The central difference method is often preferred to the forward and backwards difference method, since it is a higher order method. This means that when we discuss the error we will see that it is quadratic in the small parameter \(h\) while the other methods are linear in \(h\).

  • Example 6.31. Consider \(f(x)=\tan (x)\) and use the central difference method with \(h=0.1, 0.05, 0.025, 0.0125\) to approximate the derivative at \(x=1\). This gives:

    • \(h=0.1\)

      \begin{equation*} \frac {\ud f}{\ud x}(2)\simeq \frac {f(2+0.1)-f(2-0.1)}{0.2}=6.08625, \end{equation*}

    • \(h=0.05\)

      \begin{equation*} \frac {\ud f}{\ud x}(2)\simeq \frac {f(2+0.05)-f(2-0.05)}{0.1}=5.84915, \end{equation*}

    • \(h=0.025\)

      \begin{equation*} \frac {\ud f}{\ud x}(2)\simeq \frac {f(2+0.025)-f(2-0.025)}{0.05}=5.7929, \end{equation*}

      \(h=0.0125\)

      \begin{equation*} \frac {\ud f}{\ud x}(2)\simeq \frac {f(2+0.0125)-f(2-0.0125)}{0.025}=5.77901, \end{equation*}

    The true value of the derivative is \(5.7744\) which our approximations are closing in on.

  • Example 6.32. Use both the forward and central difference methods to approximate the derivative of \(f(x)=\cos (x)\) at \(x=\uppi /4\) using the step sizes \(h=0.1\) and \(h=0.05\). Compare these to each other and to the exact answer.

  • Example 6.33. Pick your favourite programming language and write a function which implements the central difference method.
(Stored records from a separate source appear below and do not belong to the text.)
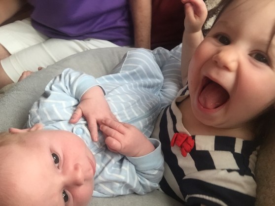 He also seems to be entertained by his sister… Or comforted or something. Despite the fact that she appears to be all over him and shoving paci’s in his mouth or just “loving him too hard”… He seems to be at peace with her… Until he isn’t! Haha I mean, let’s be honest, there are only so many 26 lb hugs an infant can take before he’s had enough.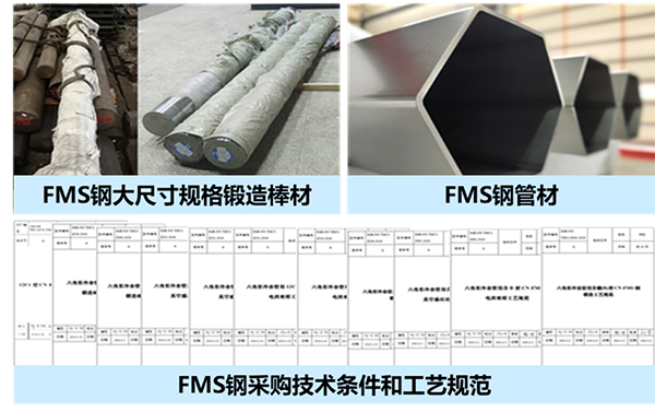 (1) 核用铁素体/马氏体耐辐照钢研制 应对四代核能系统燃料组件材料发展需求,解决了12%Cr型铁素体/马氏体耐热钢(FMS)高温组织稳定性不足、承温能力低的问题,发展出承温能力达到610oC、强韧性匹配良好、 焊接性能优异的新型FMS钢,建立了材料工程化制造、部件焊接技术路线,形成大规格锻造棒材采购技术条件和系列制造工艺规范。
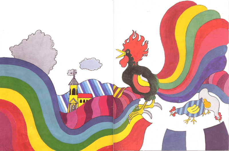 Yo soy el gallo más gallo – que existe en el gallinero, mi cresta es como una llama, mis espolones de acero, y el arco iris envidia mi cola de gran plumero.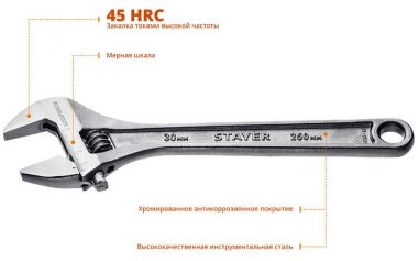 • Ключ разводной STAYER 2725-25_z01, предназначен для монтажа и демонтажа резьбовых соединений с широким диапазоном шестигранных профилей гаек и болтов.

Check it against the example that we computed above, then check a the cases that we explored using the forward and backwards difference method.

Understanding the error

We briefly mentioned above that the absolute error is the difference between the true value, \(x\), and the value that our approximation returns, \(X\), is given by

\begin{equation} \text {Absolute error}=\vert X-x\vert . \end{equation}

The \(\vert \vert \) mean that this is the absolute value, and of the number within and is always positive. In other words we care about how far away our approximate value is from the true value, but not whether it is greater than or less than the true answer.
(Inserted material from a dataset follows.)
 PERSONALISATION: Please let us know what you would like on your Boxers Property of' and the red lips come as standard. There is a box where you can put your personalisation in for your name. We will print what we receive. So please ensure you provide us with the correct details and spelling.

The absolute relative error is then

\begin{equation} \text {Absolute relative error}=\left |\frac {X-x}{x}\right |, \end{equation}

and the percentage error is

\begin{equation} \text {Percentage error}=\left |\frac {X-x}{x}\right |\times 100\% \end{equation}

There is a discussion of error and the related concept of convergence of an approximation, i.e. whether the approximation is closing in on the true value and how quickly, in [Lissamen and West, 2004].
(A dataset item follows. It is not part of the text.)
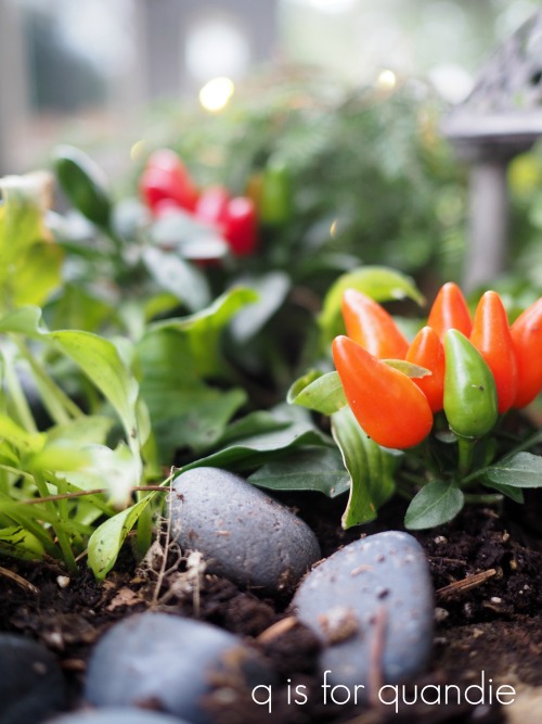 I also came across some tiny pepper plants in the miniature section at Bachman’s. Even though peppers don’t normally scream fall, I thought the red and orange coloring would lend an autumnal vibe.

  • Example 6.34. Consider the examples of approximating the derivative of \(x^{2}\cos (x)\) using both the backwards and forwards difference method with \(h=0.0125\). The relative and absolute errors are shown in table 6.14.

    Table 6.14: A comparison of our approximations to the derivative of \(x^{2}\cos (x)\) at \(x=2\) and the percentage error in each case.
    .
    Approximate derivative Relative absolute error Percentage error
    Forward difference \(-5.34196\) \(0.00758 \) \(0.758\% \)
    Backward difference \(-5.26143\) \(0.00761\) \(0.761\%\)
  • Exercise 6.35. Go back to all of the examples of using the forward, backwards, and central difference equation and calculate the relative and percentage error in each case.

6.5 Numerical approaches to differential equations

This is a non-examinable section and is not taught every year. It is included in the indicative content of the module but is not assessed in the learning outcomes. Content will be added here at the same time as content is added to chapter 5 since that is the theoretical background for what will be discussed numerically here.